Just as I began the second verse Matt rushed in through the door waving his hands. Our eyes meet and I smiled. I was so happy that he made it in the nick of time. 


After I got off stage we embraced and he smiled "I had no idea you could do that!" I was so overjoyed to have him there with me that night. 


This is one of my favorite photos from that night. Mariko, our CEO and Creative Director, decided to surprise us with framed posters that said "Original Cast and Crew". From left to right: Jessie Sander, our principal dancer who has also done a considerable amount of production work with us as well, Mariko, Tink, and myself. The four of us have been a solid team long before we opened the doors.

This past year has certainly been one of the most rewarding years of my life. Looking back it is amazing to see how far we have come and how hard we all strived. I could not imaging working with better group of people. I know in my heart that we have become an unstoppable force and that this was only the beginning.

Sunday, November 10, 2013

Grounded: The Art of Looking Down (Part 7)


Resting my legs on the wall adjacent to my bed.
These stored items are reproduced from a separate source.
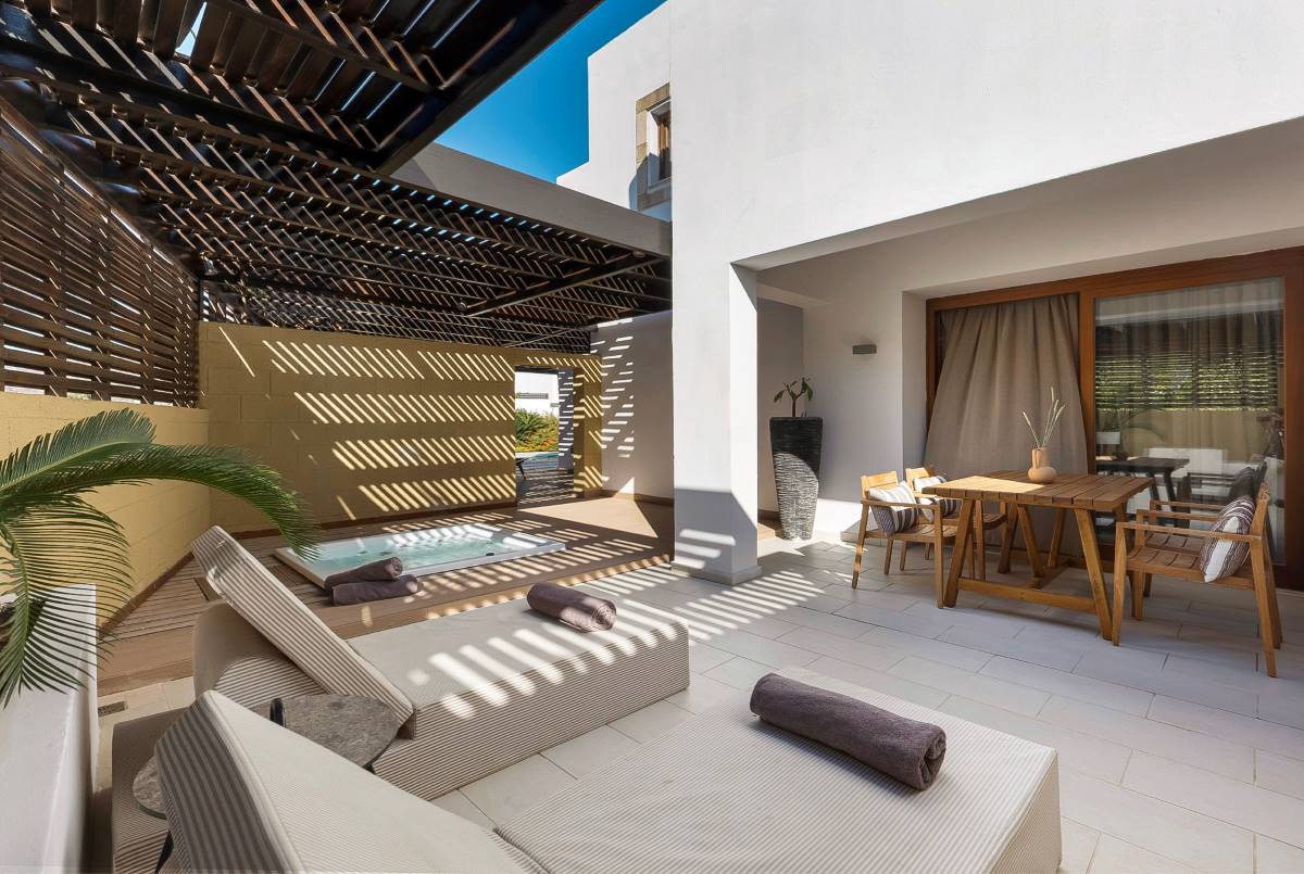 Zwischen minimalistischem Boho-Design, mediterraner Natur und ägäischer Meeresbrise entfaltet sich ein Ort, der Genuss, Verantwortung und Sinnlichkeit auf sanfte Weise miteinander verbindet. Was hier auf den Teller kommt, stammt oft direkt aus der Nachbarschaft: handgerollte Pasta aus Gennadi, Kräuter vom eigenen Dachgarten, Honig von lokalen Imkern. In kleinen Kochsessions mit den Küchenchefs wird daraus ein kulinarisches Erlebnis zum Mitmachen, authentisch, regional und voller Aromen, die lange im Kopf bleiben.
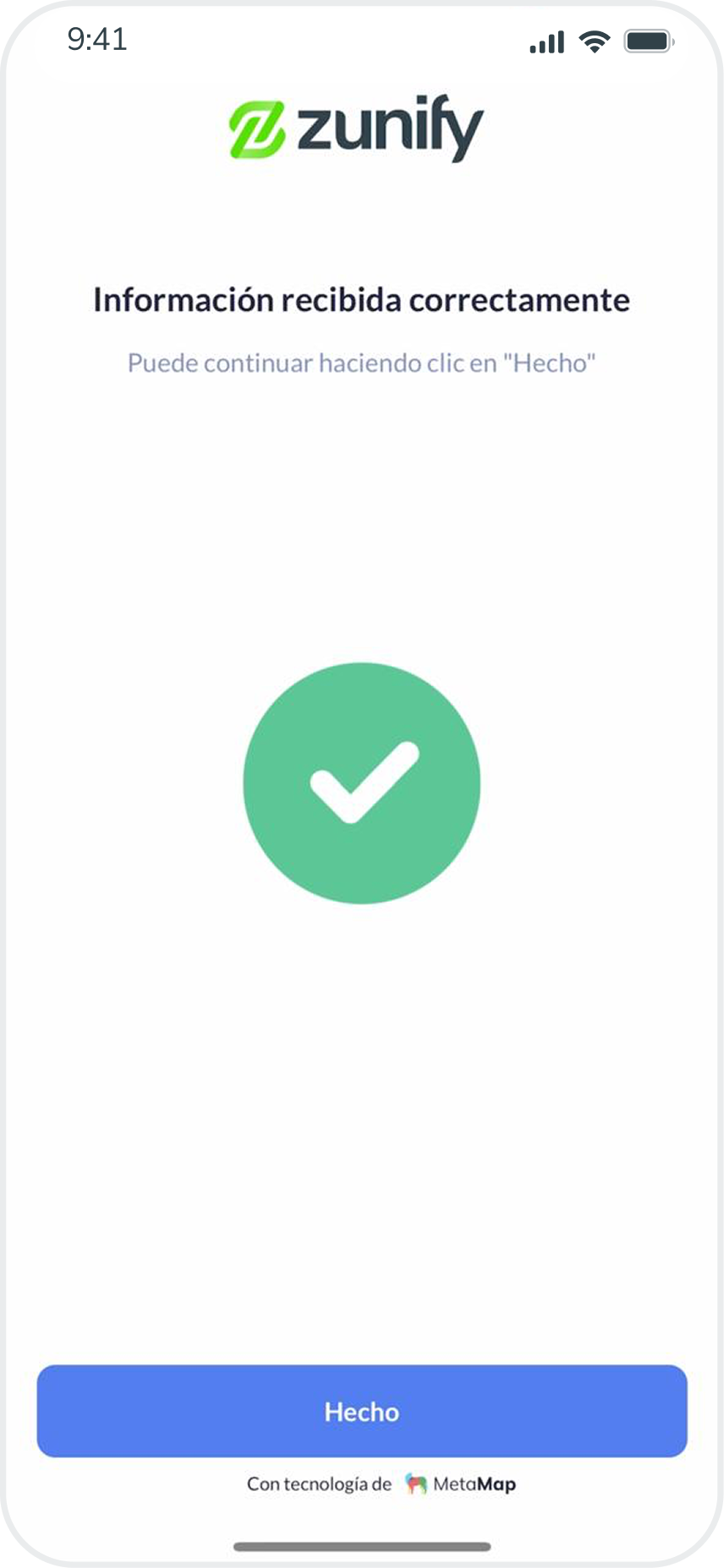 La validación dura unos pocos minutos, en caso de durar más tiempo se pude contactar con el soporte de Zunify.
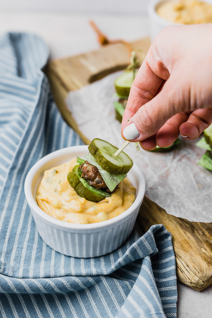 When the patties are complete and have cooled slightly, place on top of a dill pickle slice, followed by a piece of lettuce, and a second dill pickle slice. Press a toothpick through the slider and set on a serving plate.

One of the first pictures I took in my new apartment. I thoroughly enjoy having the place all to myself. 


Watching the waves rush past my feet back to the ocean on an overcast summer getaway. 


One of the first things I do when I get home from work is remove my shoes. As soon as I did I realized that I had to go to the laundry room. I grabbed a pair of sandals and headed out. As I was reaching for my keys I looked down and laughed. I was still in my black uniform but my feet looked unusually tropical. 


The photo was taken after I got home from a DRIP show. The paint had soaked through my clothes and shoes to create an interesting swirl pattern - as well as imprint the elastic band of my sock. 


The photo was originally sent to one of my friends as a joke after I had finally worn out a pair of sandals. When we met up I said "You know, I realized that it might have been a little strange sending you a photo of my feet. Sorry if that was weird."

He laughed "I knew you were at DRIP from the concrete floor and the sand. But I was more surprised that you had perfectly painted toenails." 

"Yeah" I smiled "It's kinda my thing." 

Sunday, November 3, 2013

The T-shirt Workshop

Part of the experience of coming to a DRIP show is getting your t-shirt cut by one of our designers. Recently, our Creative Director decided that it would be beneficial for our other staff member to learn some of the basics. We gathered any old clothing to practice on and we met for the workshop. 

The following photos are the result of our creative experiments running wild. 


This is Kirby, one of the guitarists for the show. He is modeling a shirt that I got carried away with.  The words on the shirt read "Who needs Photoshop when you have a body like this." 


Kirby and one of our crew members Dimitri - joyfully playing with the newly cut fringe on their shirts. 


Jessie, one of our principal dancers, modeling a very official "Sacurrity" t-shirt with a twisted waistband and one missing sleeve. 


Musical Director David modeling some of the left over sleeves while guitarist Steve contemplates his next design. 


Crew member Ashlyn works diligently while Dimitri models his mask. 

I cherish this silly days of child-like silliness and creativity. We grow so much when we allow ourselves to play. 

Tuesday, October 29, 2013

Last Flight

I was walking into Walgreens one day when I noticed something unusual on the ground. I decided to get a closer look. 


It appeared that a tiny little bird accidently flew into the exterior wall of the building and a fell to its death. Its wings were still partially spread out as though it was still in mid fight. Beyond that, there were no other signs of injury or disease. It looked as though the small piece of plant material may have been carried by the bird before it fell. 

Poor little thing. She must not have been there long before I found her.